• **WHAT TO PRODUCE**
The answer must be the lines from the one that holds "Грюйер нарезка, 150 г" through the final line of the data, copied exactly, with no pictures.

• **SUPPLIED INFORMATION**
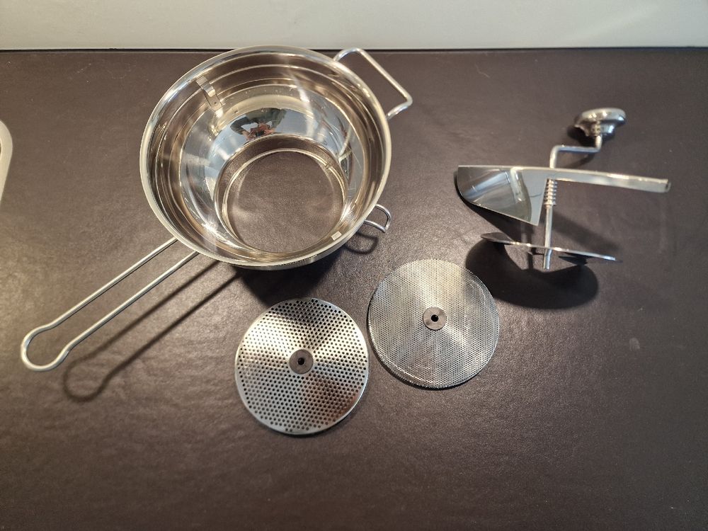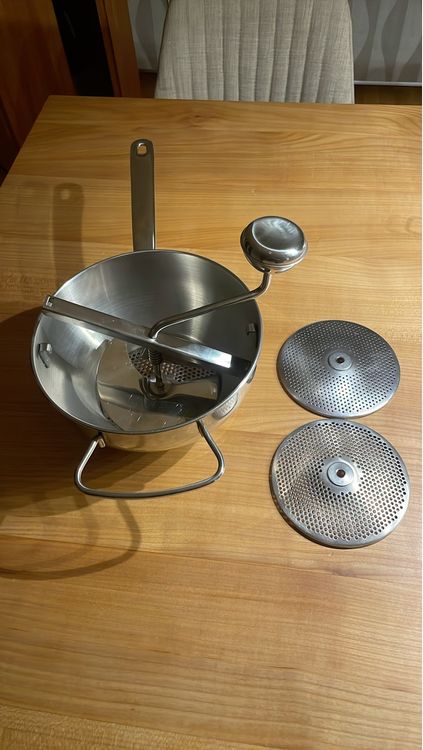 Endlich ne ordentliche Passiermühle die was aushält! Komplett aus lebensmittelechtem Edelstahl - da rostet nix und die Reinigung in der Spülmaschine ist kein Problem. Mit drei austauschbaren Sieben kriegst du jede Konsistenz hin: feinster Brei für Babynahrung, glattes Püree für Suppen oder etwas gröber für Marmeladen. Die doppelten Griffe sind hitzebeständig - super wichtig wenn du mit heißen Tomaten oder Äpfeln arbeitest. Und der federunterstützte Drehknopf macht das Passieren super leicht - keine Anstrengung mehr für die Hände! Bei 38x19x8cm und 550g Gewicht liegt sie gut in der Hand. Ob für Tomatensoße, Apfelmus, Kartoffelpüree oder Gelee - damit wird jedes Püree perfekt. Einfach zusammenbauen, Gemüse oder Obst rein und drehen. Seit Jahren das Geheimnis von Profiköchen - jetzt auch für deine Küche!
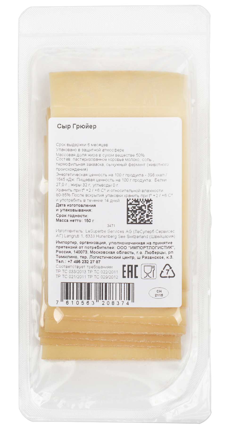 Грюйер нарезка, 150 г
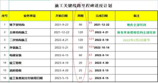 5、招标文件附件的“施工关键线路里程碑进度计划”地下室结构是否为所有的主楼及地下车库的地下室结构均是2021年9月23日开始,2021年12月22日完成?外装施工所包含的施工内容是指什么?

• **RESPONSE BELOW**
 Грюйер нарезка, 150 г
 5、招标文件附件的“施工关键线路里程碑进度计划”地下室结构是否为所有的主楼及地下车库的地下室结构均是2021年9月23日开始,2021年12月22日完成?外装施工所包含的施工内容是指什么?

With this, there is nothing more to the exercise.